Depends on your goals. Many hard corals will grow faster at higher alk and higher pH.


Calcium

Many corals use calcium to form their skeletons, which are composed primarily of calcium carbonate. The corals get most of the calcium for this process from the surrounding water. Consequently, calcium often becomes depleted in aquaria housing rapidly growing corals, calcareous red algae (coralline algae), Tridacnids (clams) and Halimeda (a macroalgae containing calcium carbonate).
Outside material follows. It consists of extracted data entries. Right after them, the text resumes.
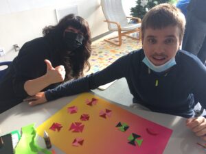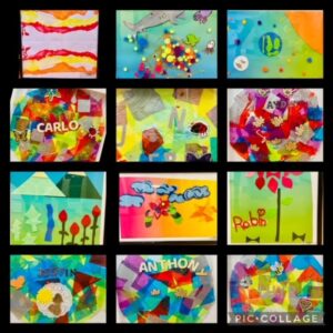 During three visual art workshops students explored various themes and used various mediums to express themselves. The lessons were created with the goal of teaching the visual art elements combined with the big ideas presented in the BC numeracy and literacy curriculum. The abstract string painting technique was introduced after teaching the concepts of symmetry and asymmetry. Students reflected on the use of digital symmetry after watching the OK Go Pilobolus Dance All Is Not Lost video and learning about symmetry and asymmetry in nature. The felt on paper art workshop was inspired by Metis Felt Artwork. As inspiration, students were shown photos of the collaborative felt artwork created by Indigenous artists for the Brodie Street Library in Thunder Bay, Ontario. Aspects of nature were explored while experimenting with shape, space, and texture. The collage mixed media art continued to explore the relationship between humans and the natural world.
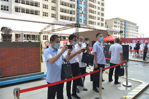 集團(tuán)總工程師房海、質(zhì)量技術(shù)部總經(jīng)理劉文、二建公司總經(jīng)理李建成參加觀摩活動。各縣市區(qū)住建局分管局長、建筑業(yè)發(fā)展中心主任、施工企業(yè)代表等200余人參加了上午的觀摩活動。
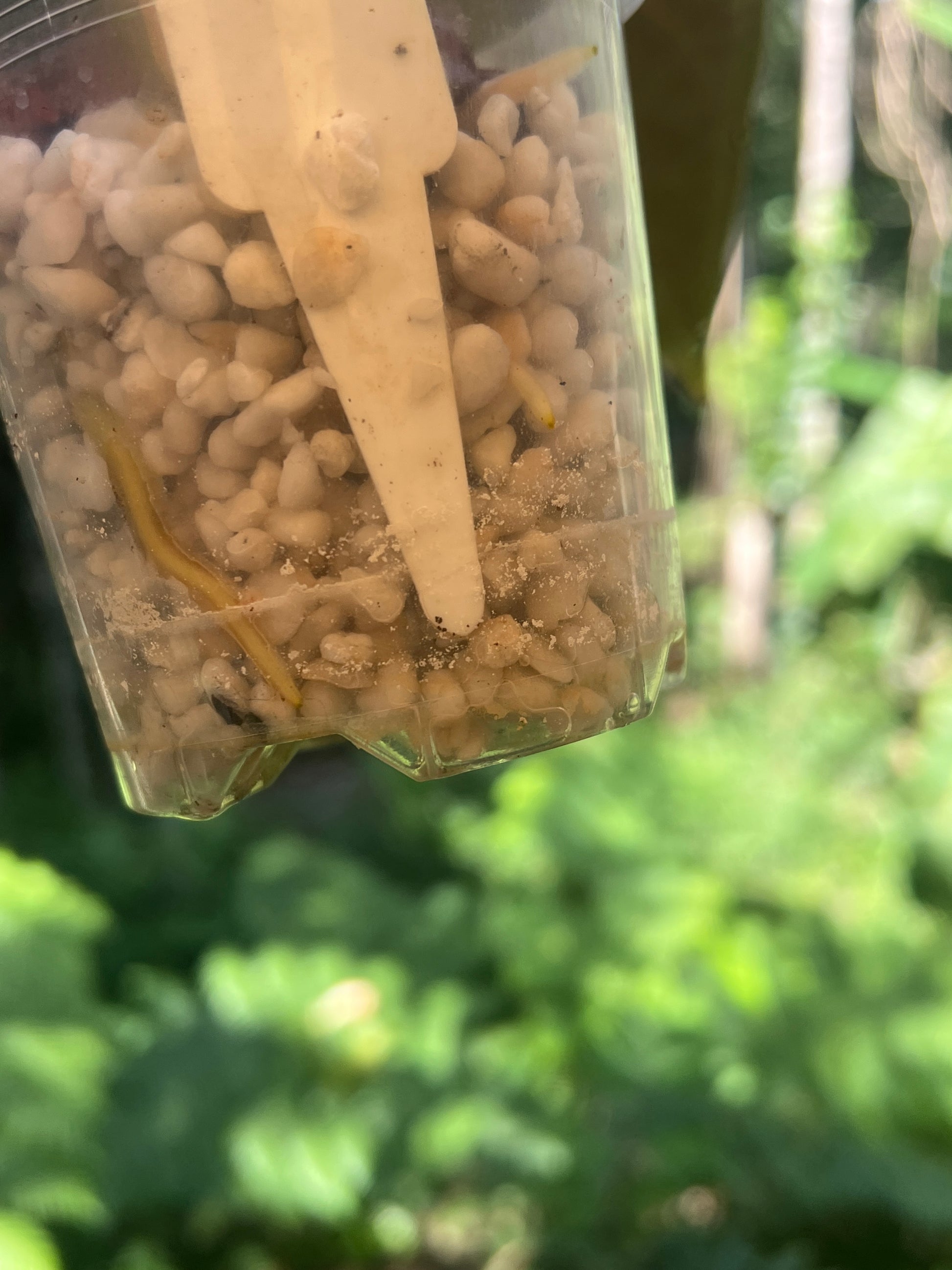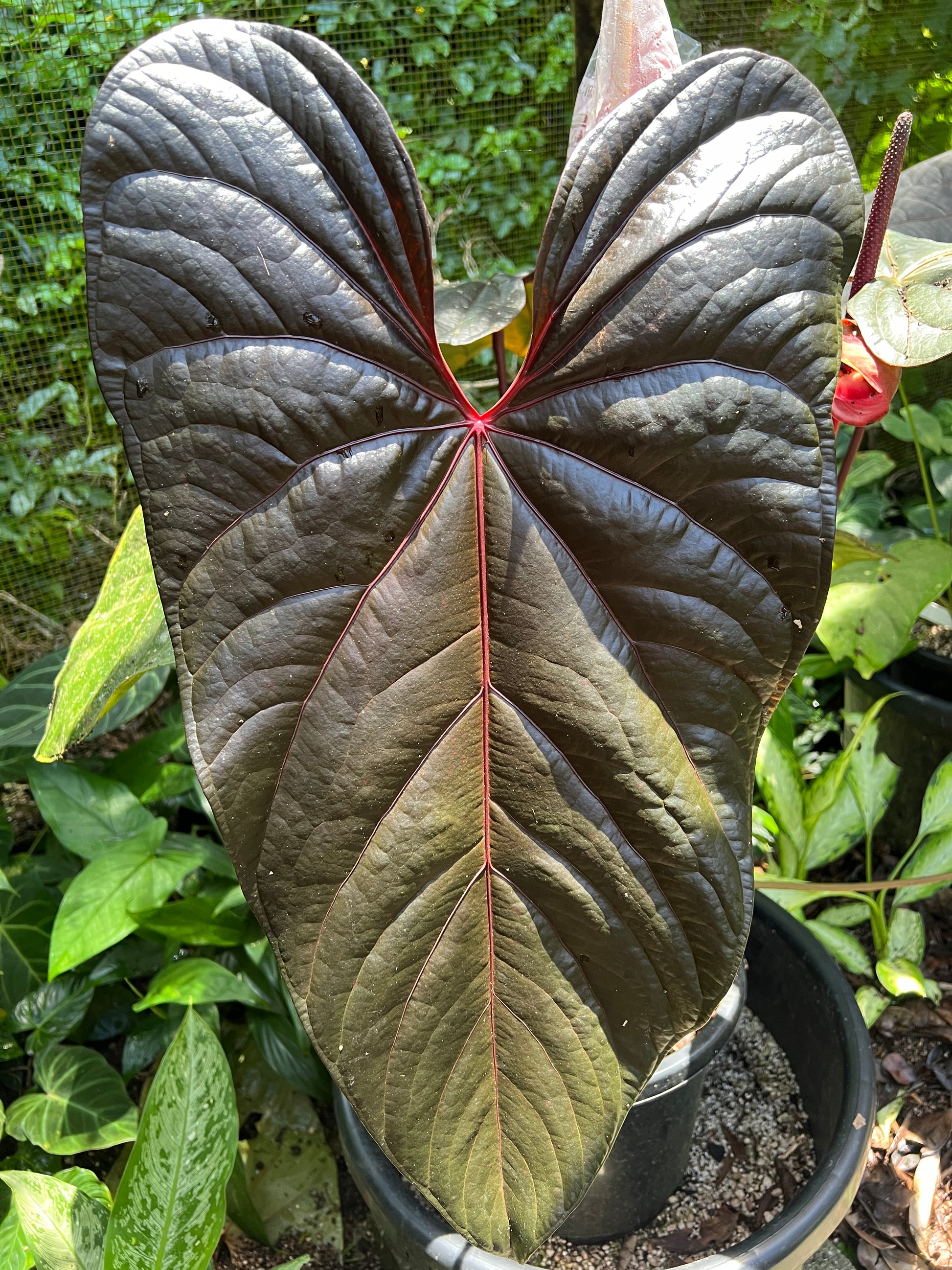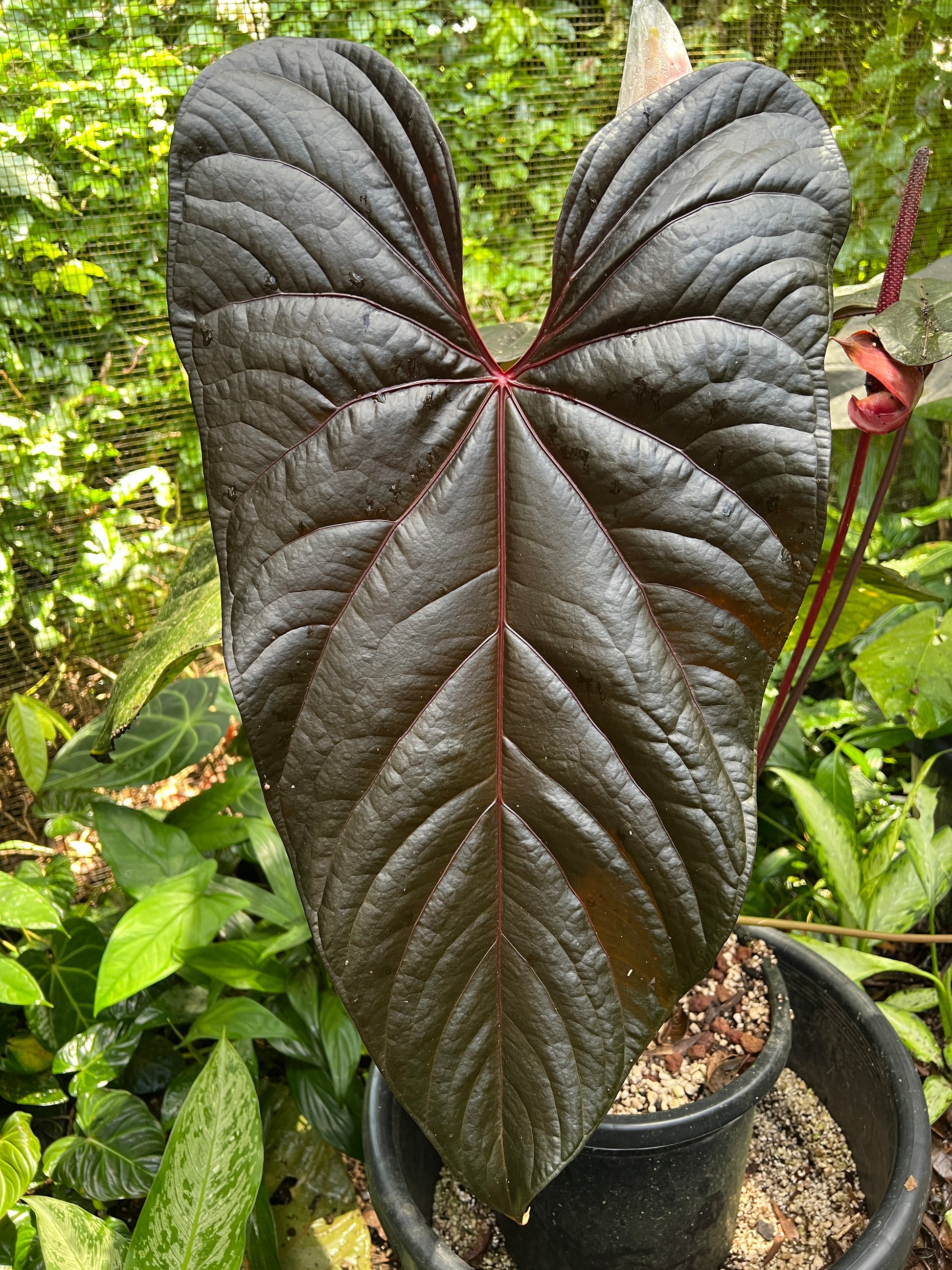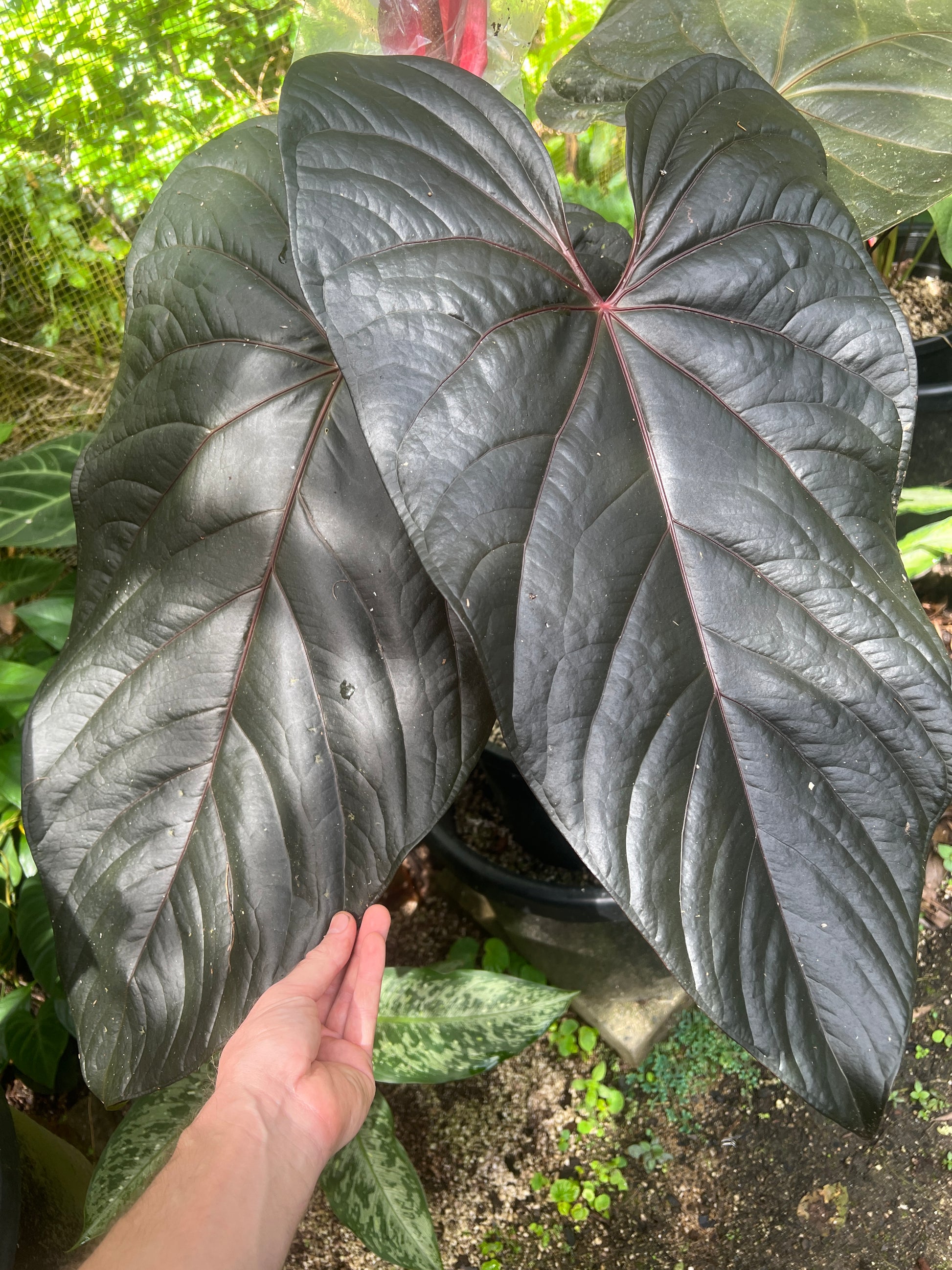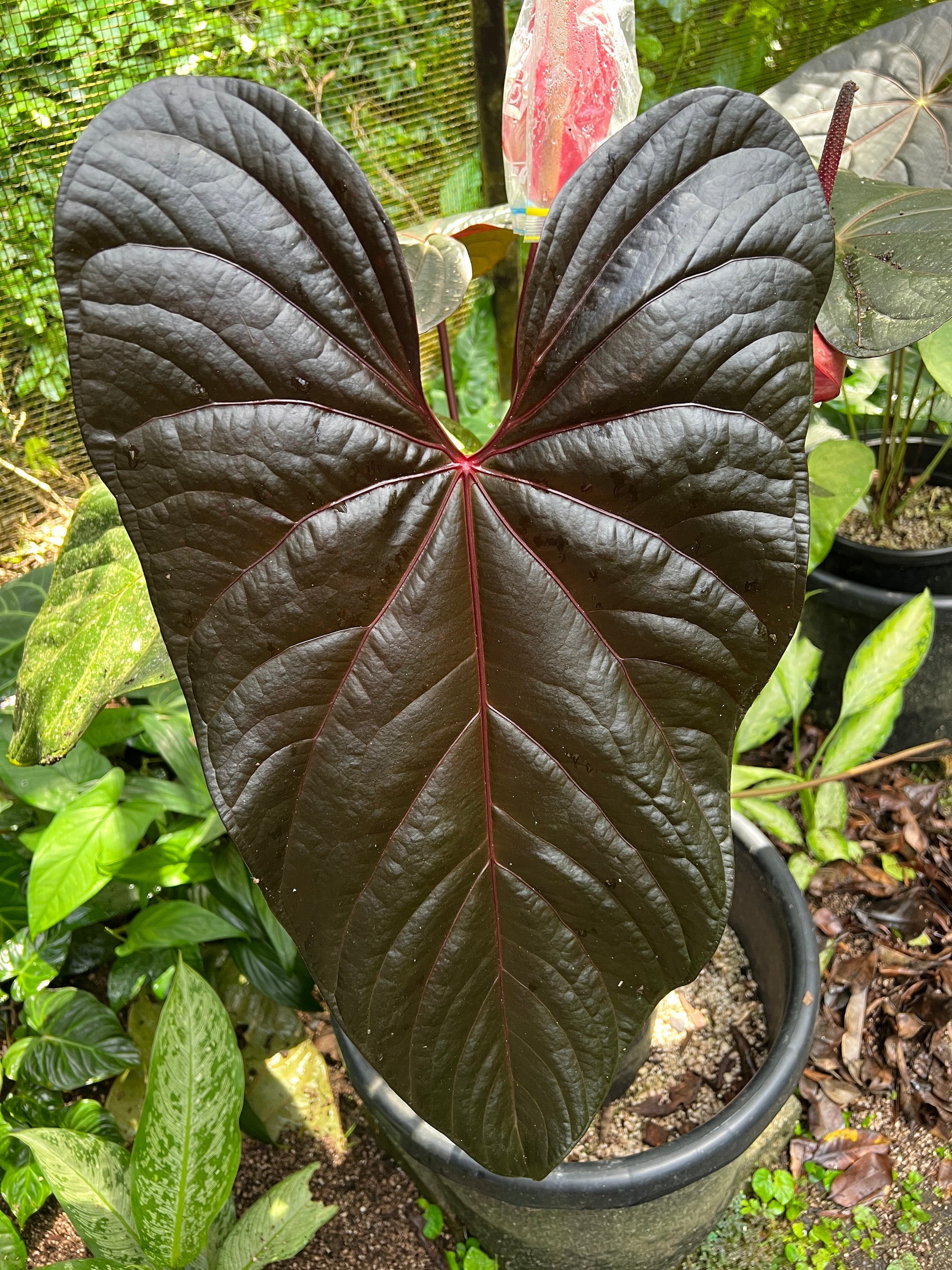 Sang x moody ‘metalic’ this one has a quite metallic grey leaf, veins come out red turning to a nice purple maroon as the leaf hardens, can hold 3-4 nice darker coloured leaves. This is a rooted little prop from the plant shown. It can be pollinated with velvet types successfully with small yields (semi-fertile).

As the calcium level drops below 360 ppm, it becomes progressively more difficult for these organisms to collect enough calcium, thus stunting their growth.

Maintaining the calcium level is one of the most important aspects of coral reef aquarium husbandry. Most reef aquarists try to maintain approximately natural levels of calcium in their aquaria (~420 ppm). It does not appear that boosting the calcium concentration above natural levels enhances calcification (i.e., skeletal growth) in most corals.

For these reasons, I suggest that aquarists maintain a calcium level between about 380 and 450 ppm, although higher is generally not a problem until it gets so high that calcium carbonate precipitation becomes problematic. Aquarists with a very light demand may be able to maintain calcium with water changes, especially since some salt mixes have excessive calcium in them. But most established aquaria with growing hard corals and coralline algae will require some calcium supplementation, and in some cases, it might be needed every day.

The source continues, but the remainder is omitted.